Sometimes it is helpful to look at the polished sequence, e.g. with the IGV browser. In that case you want SViper to output the polished and aligned sequences in a bam file via the option --output-polished-bam:

~$ ./sviper -s short-reads.bam -l long-reads.bam -r ref.fa -c variants.vcf -o polished_variants --output-polished-bam

IMPORTANT

There are several requirements for using the polishing:

  1. The vcf file must be a structural variant format (tags instead of sequences, e.g. <DEL>). ALso the INFO field must include the END tag, giving the end position of the variant, as well as the SVLEN tag in case of insertions.
  2. The bam files must be indexed.
  3. The reference sequence (FASTA) must be indexed.
  4. (Obvisoulsy, the bam files should correspond to the same individual/sample mapped to the given reference.)

Input arguments:

  • -c, --candidate-vcf The candidate vcf file This file contains all the variants that will be polished in the run.
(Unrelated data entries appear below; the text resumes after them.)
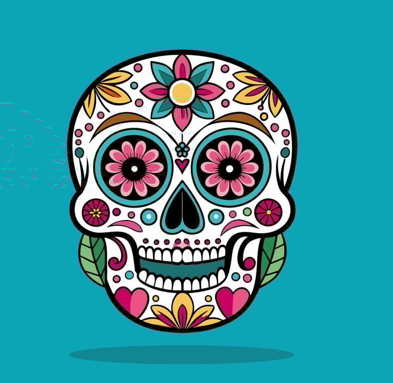 Calaveras mexicanas coloridas y alegres. Una colección vibrante que celebra la tradición del Día de los Muertos con estilo festivo.
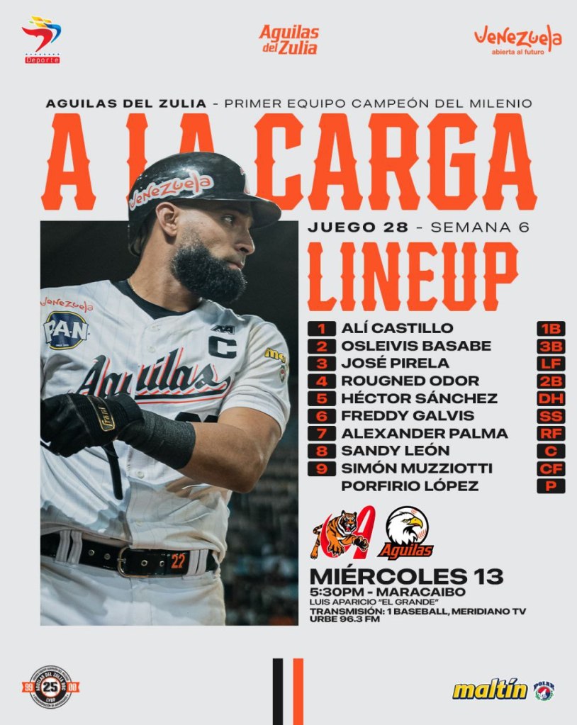 El Manager  de las Águilas del Zulia Lipson Nava anunció su line up, Ali Castillo Primera Base del Equipo será el bateador abridor, el segundo bateador será Oslebis Basabe, antesalista, y el tercer bate José Pirela LF.
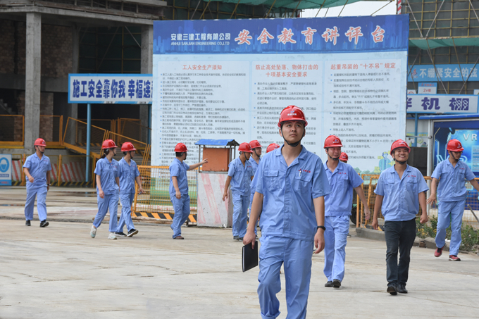 10日下午,大家在匆匆吃過午飯后便馬不停蹄的趕到阜陽臨泉縣廬陽現(xiàn)代產(chǎn)業(yè)園南園安置區(qū)項(xiàng)目。此項(xiàng)目分別由安徽三建和安徽水利承建。我們剛進(jìn)項(xiàng)目施工現(xiàn)場,便被整潔大方的施工環(huán)境給震撼,雖然項(xiàng)目還在施工狀態(tài),但施工現(xiàn)場的安全文明施工在細(xì)節(jié)上給大家提供了學(xué)習(xí)的樣板,無論是道路的整潔、施工現(xiàn)場的安全文明宣傳、整個(gè)施工現(xiàn)場的布置還是黨建工作的宣傳,都讓我們學(xué)到了很多辦公室之外的東西。

If you want to accelarate polishing on a large vcf file, you might want to split the file into several small ones and call sviper each one seperately.

  • -s, --short-read-bam (BAM_FILE) The indexed bam file containing short used for polishing at variant sites.

  • -l, --long-read-bam (BAM_FILE) The indexed bam file containing long reads to be polished at variant sites.

  • -r, --reference (FA_FILE) The indexed (fai) reference file.

  • -o, --output-prefix (PREFIX) A name for the output files. The current output is a log file and vcf file, that contains the polished sequences for each variant.

  • -g, --log-file (TXT_FILE) A filename for the log file. Default: polishing.log.

  • -k, --flanking-region (INT) The flanking region in bp's around a breakpoint to be considered for polishing In range [50..1000]. Default: 400.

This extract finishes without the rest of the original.